▶ [About this exercise]: Write out the data again exactly, skipping every picture.

▶ [Working data]:
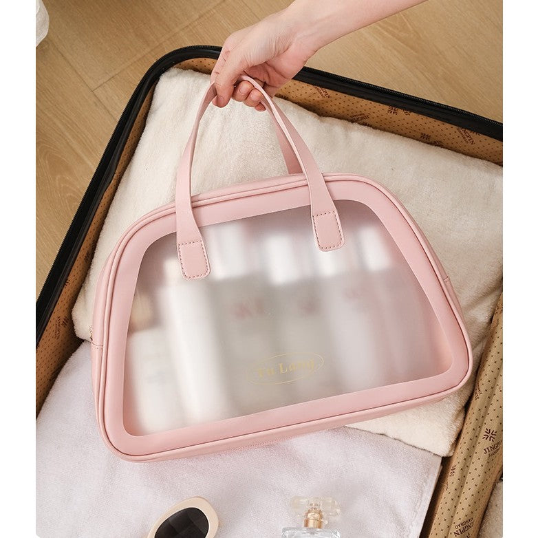 Material Durabil: Geanta este realizată din PVC rezistent, care nu doar că oferă durabilitate, dar și rezistență la apă. Acest lucru asigură că produsele dvs. de toaletă și cosmetice sunt protejate în timpul călătoriilor.
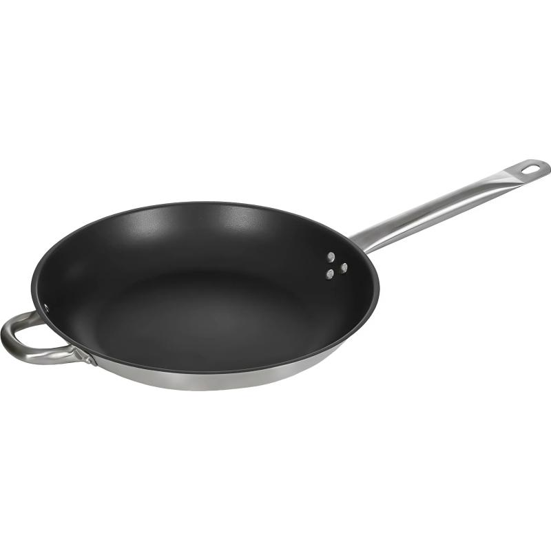 Сковорода нержавеющая сталь 31.5 см с антипригарным покрытием <br><br>Сковорода изготовлена из высококачественной нержавеющей стали 18/10 и имеет трёхслойное капсульное дно толщиной 4.2 мм, которое обеспечивает быстрый и равномерный подогрев пищи и исключает её пригорание. Наличие противопригарного покрытия позволяет готовить блюдо практически без масла. <br>Посуда из нержавеющей стали экологична, гигиенична и проста в эксплуатации. Она устойчива к воздействию кислот и щелочей, в том числе при высоких температурах, устойчива к деформации. В ней можно хранить приготовленное блюдо в холодильнике. <br>Зеркальная полировка стенок сковороды с внешней стороны придаёт ей особо эстетичный и презентабельный вид, который впишется в любой интерьер кухни. Внутренняя гладкая поверхность легко очищается от остатков пищи — можно мыть вручную или в посудомоечной машине. <br>Эргономичная полая ручка сковороды прикреплена надёжными клёпками, что не позволяет ей нагреваться во время приготовления блюда. <br><br>— перед первым использованием требуется тщательно промыть изделия; <br>— хранить изделия в чистом, сухом виде; <br>— не рекомендуется использовать губки с абразивным слоем; <br>— не рекомендуется промывка изделий в посудомоечной машине с использованием моющих средств, в состав которых входит активный кислород.<br> <br> Посуда для профессионального использования создана для ресторанов, кафе и других заведений общественного питания. Прочная, термостойкая и удобная — оптимальное решение для интенсивной работы.
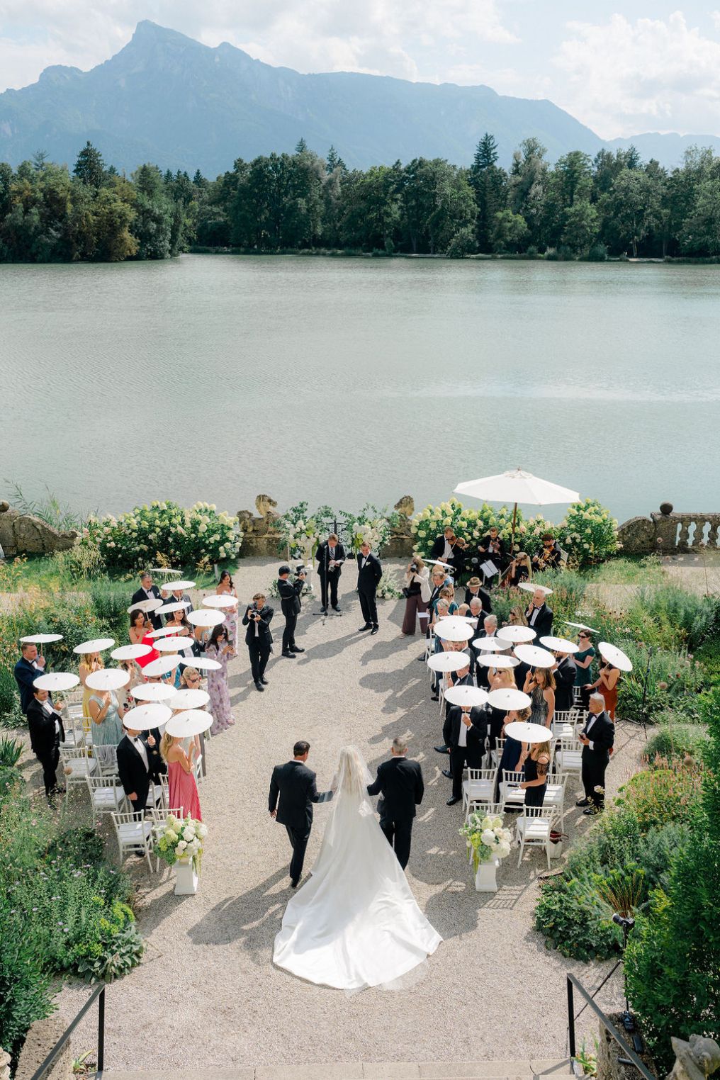 Breaking away from traditional layouts, Fine Events Vienna seated guests "in a circle around the couple to ensure every guest became a true participant in the emotional core of the event" at their Salzburg castle wedding. The bride's entrance became theatrical: "the bride made her entrance on a flower-adorned boat, gliding through the mist and light rain to the strains of 'Second Waltz'—a moment that felt like a real-life fairytale."
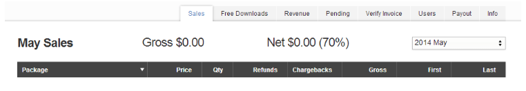 在 Sales 选项卡中可以查看所有资源的销售数据,其中将显示所选月份的销售总额和净额。可以通过下拉框更改月份来查看不同月份的销售数据。
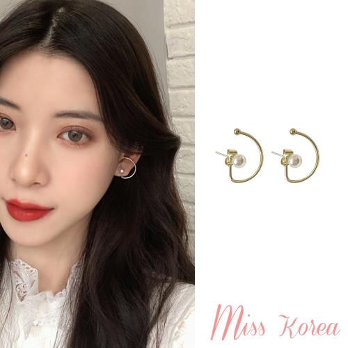 【MISS KOREA】韓國設計S925銀針法式復古線條繞耳廓式珍珠耳環
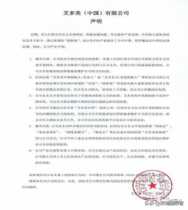 与经销商疯狂拉人头注册不同,艾多美官方2018年、2019年曾发布公告,对市面上各种形式的以艾多美名义经营的行为予以否定。否认存在“招商会”、“事业说明会”等会销活动,认为那些以“艾多美中国创始人/合伙人”身份招商的人涉嫌违法违规,艾多美将保留采取法律途径维权的权利。
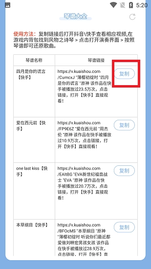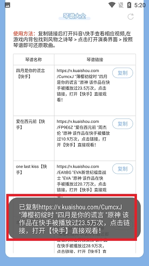 2.便于查看与复制:用户能够及时获取最新的琴谱资源,在主页上只需简单点击就能复制链接,无论是分享给其他玩家还是留存备用都十分便捷。
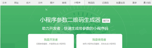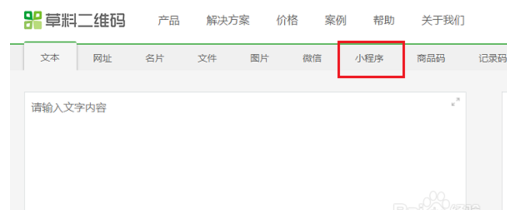 第二步之后,默认是生成一个普通的文字二维码,点击右边的小程序。
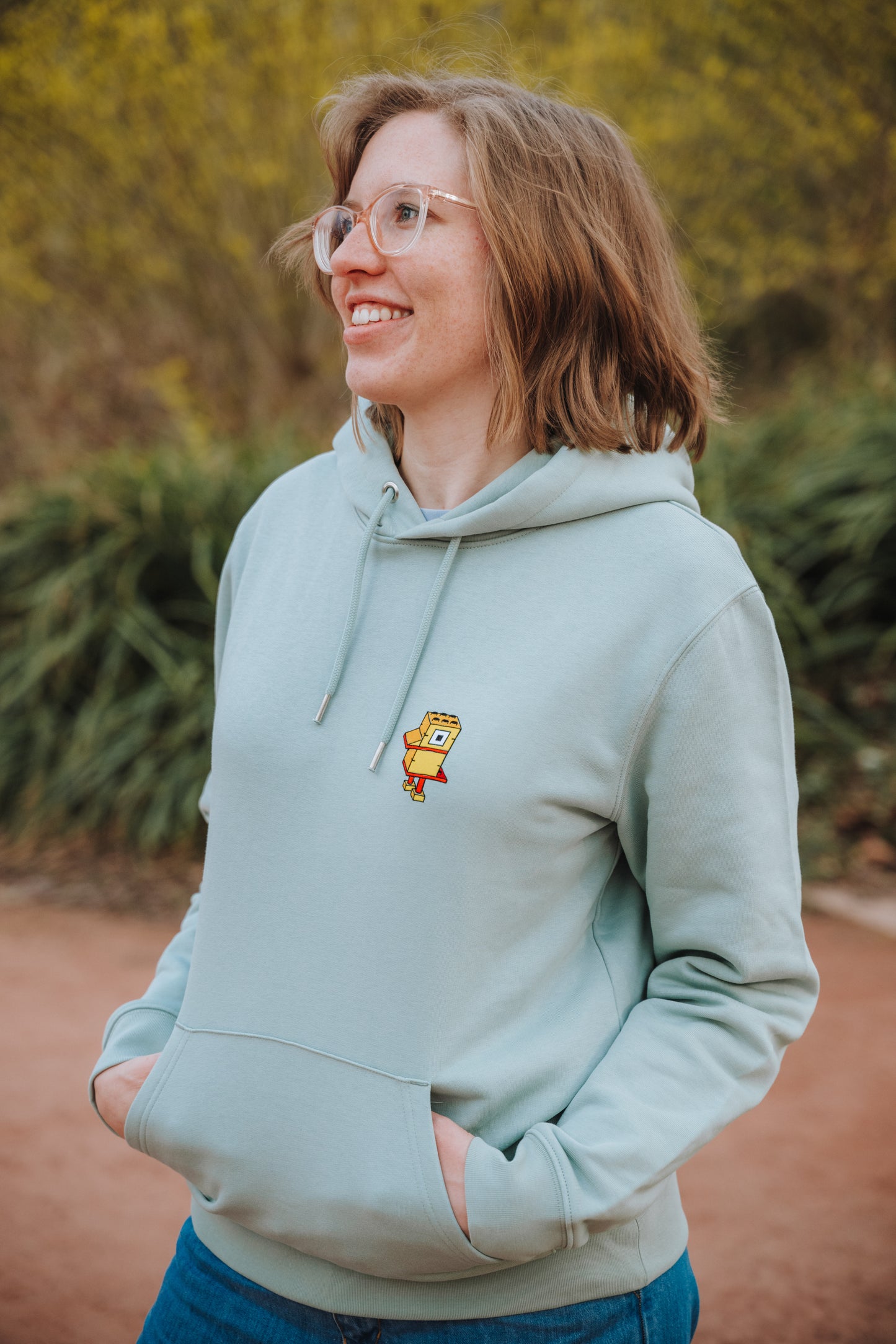 Du baust für dein Leben gern mit Klemmbausteinen, hast als Kind eine Pirateninsel gehabt. Aber etwas spezielles hat immer gefehlt: Eine Ente aus Klemmbausteinen! Du kannst sie nun haben, sie ist direkt aus Dänemark eingeflogen und auf diesen Hoodie hier gelandet. Nur ist sie nicht so hart wie Plastik, sondern aus entenflauschigen Flock.

▶ [Response below]:
 Material Durabil: Geanta este realizată din PVC rezistent, care nu doar că oferă durabilitate, dar și rezistență la apă. Acest lucru asigură că produsele dvs. de toaletă și cosmetice sunt protejate în timpul călătoriilor.
 Сковорода нержавеющая сталь 31.5 см с антипригарным покрытием <br><br>Сковорода изготовлена из высококачественной нержавеющей стали 18/10 и имеет трёхслойное капсульное дно толщиной 4.2 мм, которое обеспечивает быстрый и равномерный подогрев пищи и исключает её пригорание. Наличие противопригарного покрытия позволяет готовить блюдо практически без масла. <br>Посуда из нержавеющей стали экологична, гигиенична и проста в эксплуатации. Она устойчива к воздействию кислот и щелочей, в том числе при высоких температурах, устойчива к деформации. В ней можно хранить приготовленное блюдо в холодильнике. <br>Зеркальная полировка стенок сковороды с внешней стороны придаёт ей особо эстетичный и презентабельный вид, который впишется в любой интерьер кухни. Внутренняя гладкая поверхность легко очищается от остатков пищи — можно мыть вручную или в посудомоечной машине. <br>Эргономичная полая ручка сковороды прикреплена надёжными клёпками, что не позволяет ей нагреваться во время приготовления блюда. <br><br>— перед первым использованием требуется тщательно промыть изделия; <br>— хранить изделия в чистом, сухом виде; <br>— не рекомендуется использовать губки с абразивным слоем; <br>— не рекомендуется промывка изделий в посудомоечной машине с использованием моющих средств, в состав которых входит активный кислород.<br> <br> Посуда для профессионального использования создана для ресторанов, кафе и других заведений общественного питания. Прочная, термостойкая и удобная — оптимальное решение для интенсивной работы.
 Breaking away from traditional layouts, Fine Events Vienna seated guests "in a circle around the couple to ensure every guest became a true participant in the emotional core of the event" at their Salzburg castle wedding. The bride's entrance became theatrical: "the bride made her entrance on a flower-adorned boat, gliding through the mist and light rain to the strains of 'Second Waltz'—a moment that felt like a real-life fairytale."
 在 Sales 选项卡中可以查看所有资源的销售数据,其中将显示所选月份的销售总额和净额。可以通过下拉框更改月份来查看不同月份的销售数据。
 【MISS KOREA】韓國設計S925銀針法式復古線條繞耳廓式珍珠耳環
 与经销商疯狂拉人头注册不同,艾多美官方2018年、2019年曾发布公告,对市面上各种形式的以艾多美名义经营的行为予以否定。否认存在“招商会”、“事业说明会”等会销活动,认为那些以“艾多美中国创始人/合伙人”身份招商的人涉嫌违法违规,艾多美将保留采取法律途径维权的权利。
 2.便于查看与复制:用户能够及时获取最新的琴谱资源,在主页上只需简单点击就能复制链接,无论是分享给其他玩家还是留存备用都十分便捷。
 第二步之后,默认是生成一个普通的文字二维码,点击右边的小程序。
 Du baust für dein Leben gern mit Klemmbausteinen, hast als Kind eine Pirateninsel gehabt. Aber etwas spezielles hat immer gefehlt: Eine Ente aus Klemmbausteinen! Du kannst sie nun haben, sie ist direkt aus Dänemark eingeflogen und auf diesen Hoodie hier gelandet. Nur ist sie nicht so hart wie Plastik, sondern aus entenflauschigen Flock.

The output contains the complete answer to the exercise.